Among the lines below, the one containing "April 15: Marist" opens the range and the one containing "Figure 1 - Key risks for UAE as of Apr 2023" closes it. Print that range exactly, without the pictures.

*** Opening of Records for this exercise ***

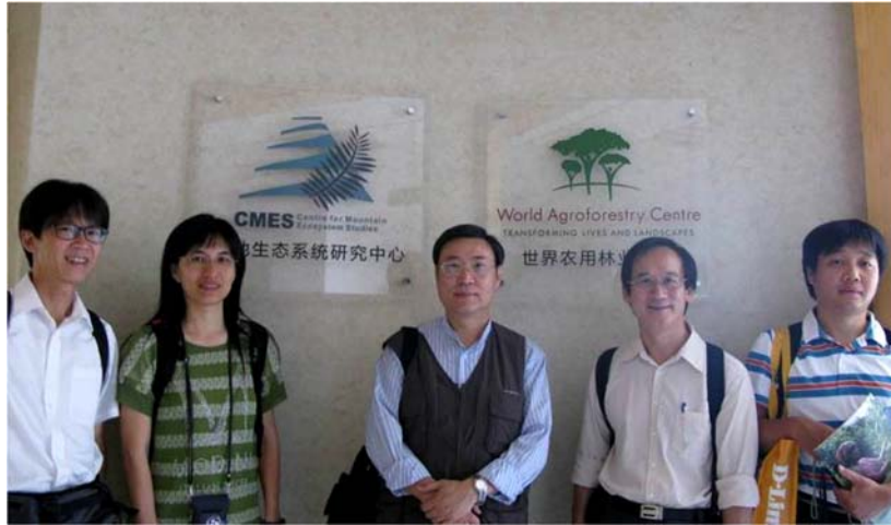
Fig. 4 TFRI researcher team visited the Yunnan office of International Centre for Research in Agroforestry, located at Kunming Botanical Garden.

*** Close of Records for this exercise ***
*** Opening of Records for this exercise ***

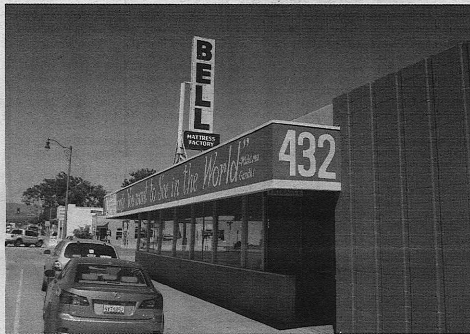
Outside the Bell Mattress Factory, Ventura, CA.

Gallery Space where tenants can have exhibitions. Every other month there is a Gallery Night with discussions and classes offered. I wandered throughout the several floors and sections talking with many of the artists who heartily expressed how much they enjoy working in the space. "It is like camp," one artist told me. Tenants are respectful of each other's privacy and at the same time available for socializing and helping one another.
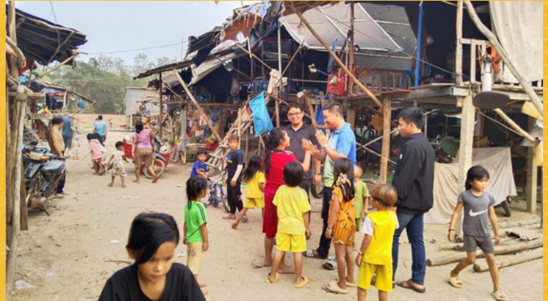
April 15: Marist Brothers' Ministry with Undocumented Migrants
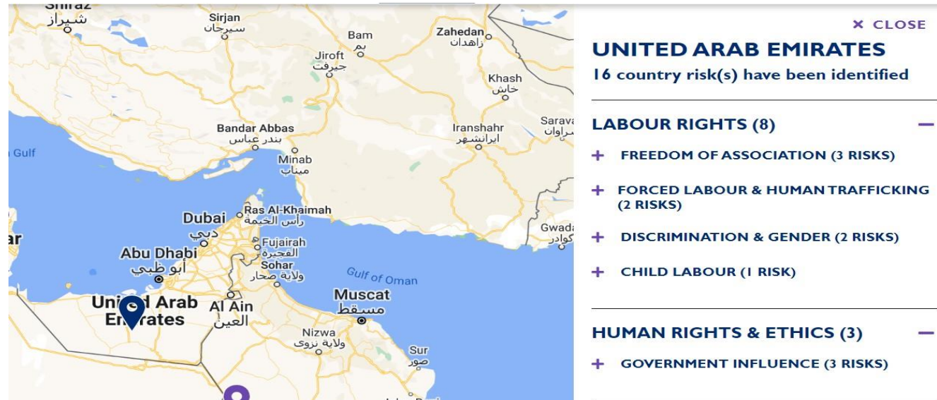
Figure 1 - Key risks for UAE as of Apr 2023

*** Close of Records for this exercise ***

» **Task solution**:
April 15: Marist Brothers' Ministry with Undocumented Migrants
Figure 1 - Key risks for UAE as of Apr 2023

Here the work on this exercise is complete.